Players of all sizes and sectors are hunkering down for more pounding. The impact varies, from severe disruption of ad-dependent core revenues for companies such as CBS to debt repayment issues for Tribune and Univision. A growing number of small to-mid-size broadcasters--including Young Broadcasting, Gray Television and ION Media Networks--are wrestling with liquidity pressures, according to Standard & Poor's. Still others will have trouble meeting loan covenants in a weak economy. Many new media upstarts have no stock-market exit strategy, or once-regular cash infusions.
On a broad scale, there will be fewer investment banks with tighter lending requirements to finance mergers and acquisitions. There also will be less capital available overall, with stiffer credit standards to fuel consumer and business spending. Non-institutional sources of deal financing are virtually paralyzed in the continuing unprecedented shakeout process, although plummeting public values make for opportunistic buys. Those with assets to sell--from Time Warner to IAC--may have to lower expectations. The large-cap media conglomerates with high-cash balances and low net leverage (such as Disney and Viacom) may prefer to sit out this mess for now.
However, the fluctuation and uncertainty of asset valuations, metrics and baseline comparables--especially for companies in the throes of digital transition--are also formidable deal obstacles. That is why an estimated $5 billion in private-equity money has been sidelined. Venture capital groups are treading lightly and rethinking their investment models and ROI timetables.
As economic volatility and the shakeup in the financial markets seep into the far reaches of grassroots business and consumers, they will be reflected in 2009 media-related company balance sheets. The tumultuous elements of the financial crisis--which is not occurring in a vacuum--reflect similar issues in media, entertainment and technology circles.
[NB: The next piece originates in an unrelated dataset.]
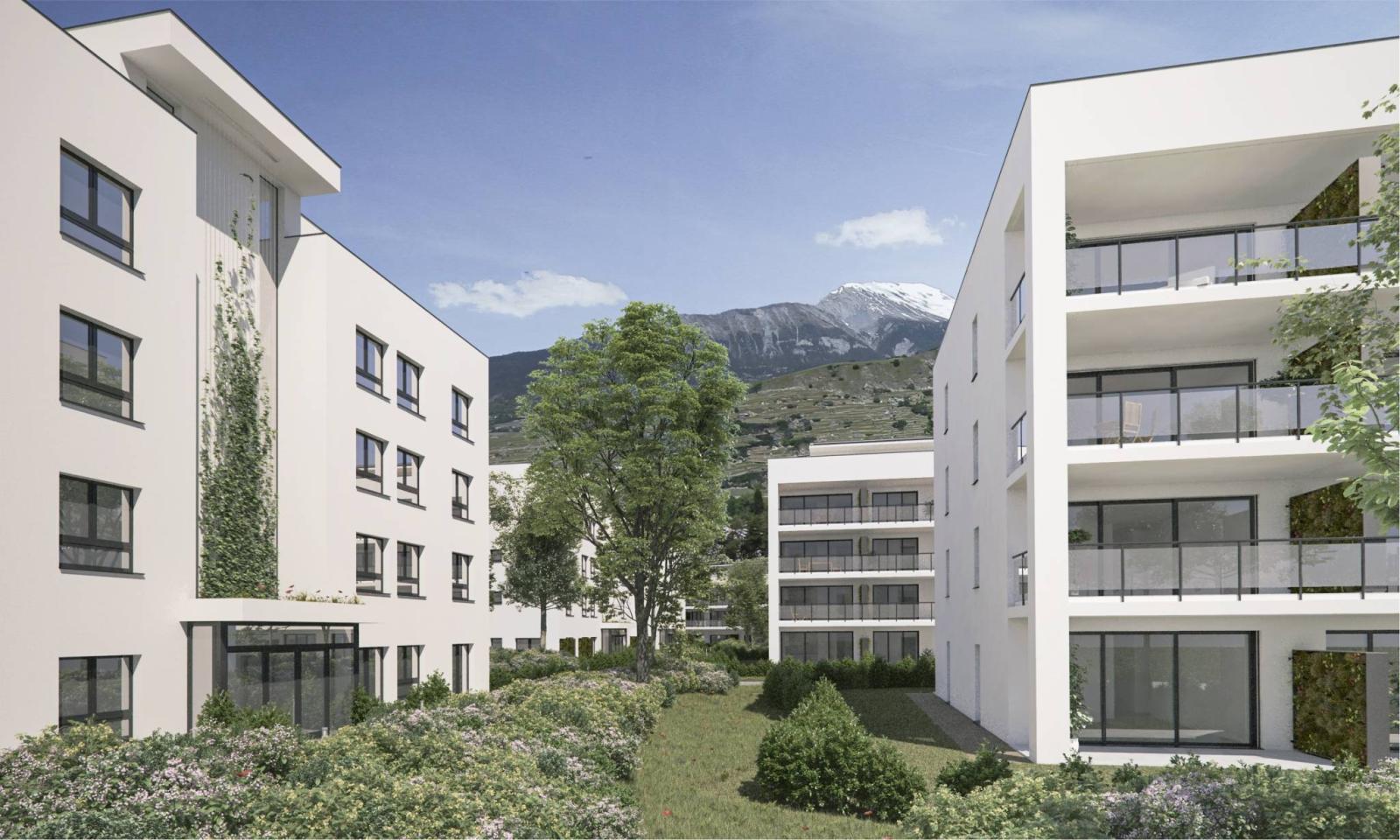 Das Öko-Viertel „Greenparc“ liegt im Champsec-Viertel von Sitten, in der Nähe aller Annehmlichkeiten und öffentlichen Verkehrsmittel.

The failure of Fannie Mae and Freddie Mac is the result of a broken business model. The media world has plenty of its own, including metrics and content monetization.
The collapse of Lehman Brothers (in Chapter 11 bankruptcy), Bear Stearns (acquired on the cheap by JP Morgan Chase) and others to come is essentially about making unchecked bad bets (on reckless mortgage lending) and creating excessive leverage with inadequate capital. It's also about the sins of deregulation. Now, Wall Street is singing a different tune: Bailouts are another word for corporate socialism: Half the Fed's balance sheet is now at risk, and taxpayers ultimately will get stuck with the bill.
Bank of America's rescue of Countrywide Financial and Merrill Lynch is just the beginning. Experts estimate that half the 9,000 U.S. banks will consolidate or fold short-term, and that the overall financial system has accumulated as much as $40 of unqualified excessive debt for every $1 invested.
Highly leveraged insurance giant American International Group (AIG) lost half its market value Monday--seeking at least a $40 billion bridge loan from the Federal Reserve, fearing a potential downgrade from credit ratings agencies. On Monday night, S&P downgraded AIG, heightening urgency about the need for a cash infusion to avoid bankruptcy. It raises critical questions: Where does the federal government draw the line, having provided $300 billion in bailouts to companies making bad investment risks? Will some media-related companies burdened with debt and deteriorating credit ratings also face similar need and fate?
Media, entertainment, telecommunications and tech industries are also wrestling with their own vulnerable and broken business models. Recessionary and digital-driven revenue shift will clip earnings or cause some to default. On other levels, the purge of financial, transportation, auto and other major industry players will have a dramatic impact on all media advertising. Widespread consolidation means fewer companies to spend ad dollars and invest capital in technology software and hardware. It also can mean unmanageable scale. There will be less money all-around to fund the intelligent risks and creativity needed for long-term growth.
Survival and stabilization are short-order goals, although opportunities will eventually emerge from the chaos. Once things settle down, everything will depend on integrating and executing new business models that need to be crafted now. The transition from static to interactive advertising is no small task.
All of these adverse factors collectively will serve one good end. Companies along the broad media, entertainment and Internet spectrum will be forced to find ways to generate new income from new interactive trappings, such as social networks. They will be forced to create real value instead of relying on a continuous flood of unqualified capital to pave the way to prosperity.